→ **EXERCISE**: Repeat the data exactly. Pictures stay out.

→ **RECORDS FOR THE EXERCISE**:

━━━━━━━━━━━━━━━━━━━━

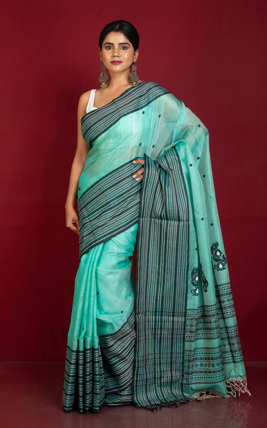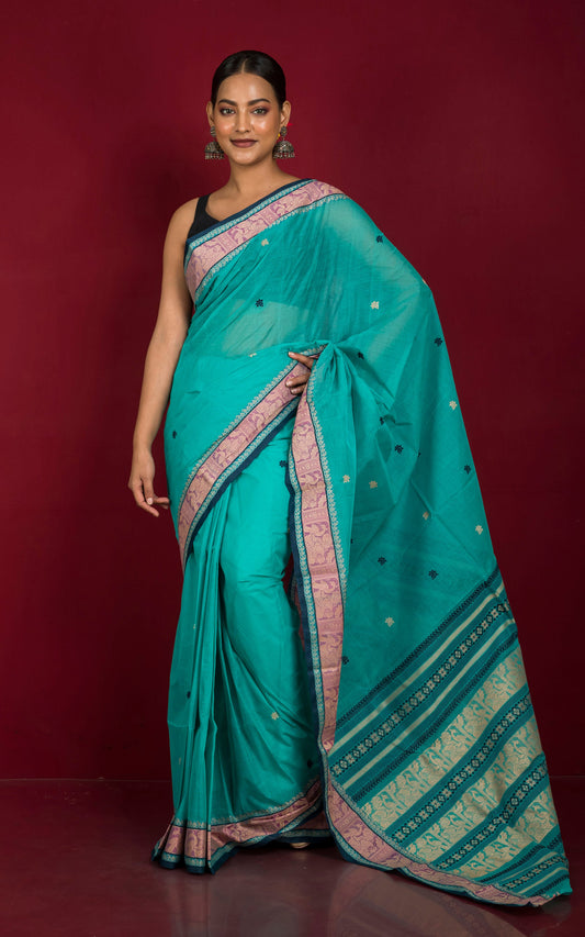 Bengal Handloom Cotton Baluchari Saree in Sea Green, Pastel Purple, Beige and Black
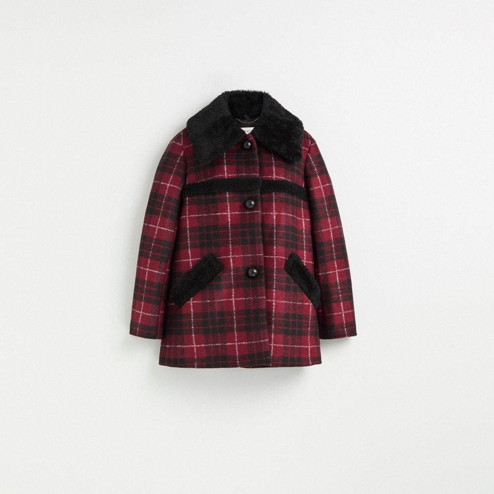 A little (re)love goes a long way. Sourced from the shelves of our Coach Repair Workshop, this coat was lovingly restored to its original condition by our talented craftspeople. Keeping waste out of landfills and reducing our impact on the environment is all part of our commitment to doing better for the planet (and all of us). A feel-good find, it’s your chance to get one of our most-loved styles if you missed out the first time. Wear it, love it, pass it on.This bright tartan plaid coat is a perfect option for every day. It's finished with shearling trim and a plush shearling collar to keep out the chill.
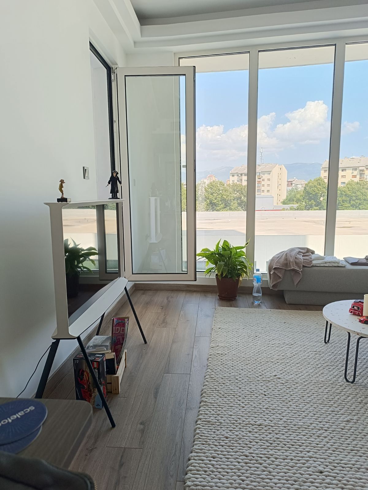 Се издава наместен стан 51м2 во Џевахир Кула Ц. Станот располага со дневна соба со кујна, спална соба, тоалет, тераса од 3м2 и две паркинг места во гаража на -2 ниво. Станот се наоѓа на 3ти кат со лифт, има северо-источна ориентација и греење и ладење со инвертер.
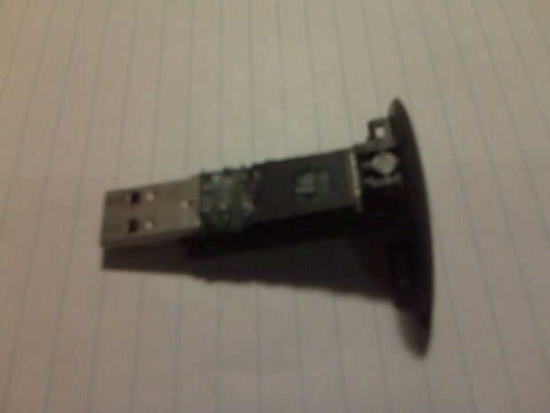 después de pegar ajuste su pendrive en el ratón para comprobar si se ajusta una vez más, después de tener un buen ajuste, espere a que el pegamento se seque luego de arena y así hacia fuera el pegamento con el pendrive se ve bien. Después de esperar y pintar el negro pegamento (o su elección de color) por lo que no se ve gracioso.
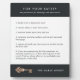 Réouverture de votre entreprise immobilière à l'ère des 19 derniers? Gardez vos acheteurs et vendeurs en sécurité grâce à cette plaque magnifiquement conçue qui est parfaite pour l'affichage dans les grands magasins et les expositions. Customisez le libellé qui correspond à vos besoins et à l'orientation de votre région en matière de santé et de sécurité publiques. Montré avec des conseils de base pour maintenir un environnement plus sûr pendant les rencontres immobilières courantes, y compris le port d'un masque et de couvertures de chaussures, l'assainissement des mains, la réduction du toucher des effets personnels des vendeurs, et des instructions pour replanifier si vous vous sentez malade. Personnalisez avec votre nom d'entreprise le long du bas, à côté d'une illustration vintage de clé squelette en fausse feuille de cuivre.

━━━━━━━━━━━━━━━━━━━━

→ **WRITTEN SOLUTION**:
 Bengal Handloom Cotton Baluchari Saree in Sea Green, Pastel Purple, Beige and Black
 A little (re)love goes a long way. Sourced from the shelves of our Coach Repair Workshop, this coat was lovingly restored to its original condition by our talented craftspeople. Keeping waste out of landfills and reducing our impact on the environment is all part of our commitment to doing better for the planet (and all of us). A feel-good find, it’s your chance to get one of our most-loved styles if you missed out the first time. Wear it, love it, pass it on.This bright tartan plaid coat is a perfect option for every day. It's finished with shearling trim and a plush shearling collar to keep out the chill.
 Се издава наместен стан 51м2 во Џевахир Кула Ц. Станот располага со дневна соба со кујна, спална соба, тоалет, тераса од 3м2 и две паркинг места во гаража на -2 ниво. Станот се наоѓа на 3ти кат со лифт, има северо-источна ориентација и греење и ладење со инвертер.
 después de pegar ajuste su pendrive en el ratón para comprobar si se ajusta una vez más, después de tener un buen ajuste, espere a que el pegamento se seque luego de arena y así hacia fuera el pegamento con el pendrive se ve bien. Después de esperar y pintar el negro pegamento (o su elección de color) por lo que no se ve gracioso.
 Réouverture de votre entreprise immobilière à l'ère des 19 derniers? Gardez vos acheteurs et vendeurs en sécurité grâce à cette plaque magnifiquement conçue qui est parfaite pour l'affichage dans les grands magasins et les expositions. Customisez le libellé qui correspond à vos besoins et à l'orientation de votre région en matière de santé et de sécurité publiques. Montré avec des conseils de base pour maintenir un environnement plus sûr pendant les rencontres immobilières courantes, y compris le port d'un masque et de couvertures de chaussures, l'assainissement des mains, la réduction du toucher des effets personnels des vendeurs, et des instructions pour replanifier si vous vous sentez malade. Personnalisez avec votre nom d'entreprise le long du bas, à côté d'une illustration vintage de clé squelette en fausse feuille de cuivre.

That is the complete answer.